Cottage Industry – Parkstone Labour Club, Poole, Dorset, UK – 6th March 1985

18th Dec 2022 – Cottage Industry was the country band (may have just been solo, not sure now) of our local (Holtwood) youth club leader.
As kids, we had lots of fun fucking around and fucking things up at the youth club, often getting ourselves banned for periods of time.
I guess I was trying to ingratiate myself with him in some way and was also a little interested in learning about things musical as a player so I blagged a ride in the back of his van with the equipment and helped carry it in and out of the venue. I was kinda amused to be in this place, still not quite of drinking age and seemed to enjoy the atmosphere whilst not being particularly interested in the music.

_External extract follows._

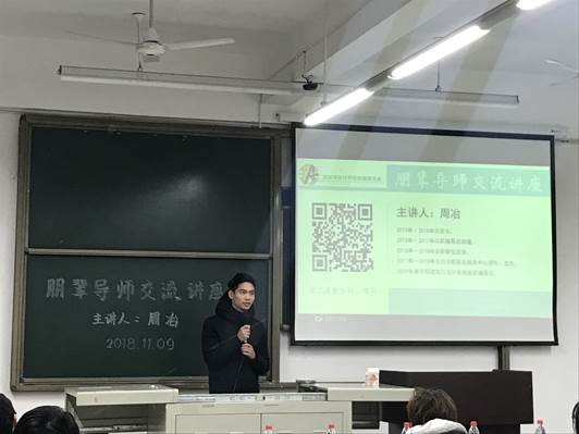 随后,朋辈导师周冶发言,他作为主讲人,以考研、保研、出国、奖学金等方面为切入点,强调了课余时间管理、未来规划、英语学科学习的重要性,并提出大一新生应在学习方面有更多注重。他为大家介绍了自己的个人经历、大学规划、以及大学期间参赛所得荣誉奖项,从自己的心路历程,到实际作法,为大家展现了更加全面的自己。他还指出,大学生活中除了专业知识的学习,还应该更多了解其他知识,使自己更加充实。参加本次讲座的同学更加深入得了解了朋辈导师的成长经历以及学习经验,收获良多。在最后的互动环节中,朋辈导师周冶对参与交流同学的问题进行了一一回答,给予了新思路以及更高层次的见解,同学们受益匪浅。

I had grown up through my very early years in the north of England with the local country music scene as my mum’s boyfriend was a guitar player that played a lot at the time. Mum also played folk music at home sometimes too. This Cottage Industry shit certainly wasn’t punk rock and that was all I cared about at the time.
I guessed I learned something from this experience but probably didn’t recognise it at the time.

Just look at this place. I don’t know what I really expect places to look like but this just brings to mind the drabness of England. This picture contains the best of the English colour scheme. The stand-out colour in the picture is a fucking traffic cone.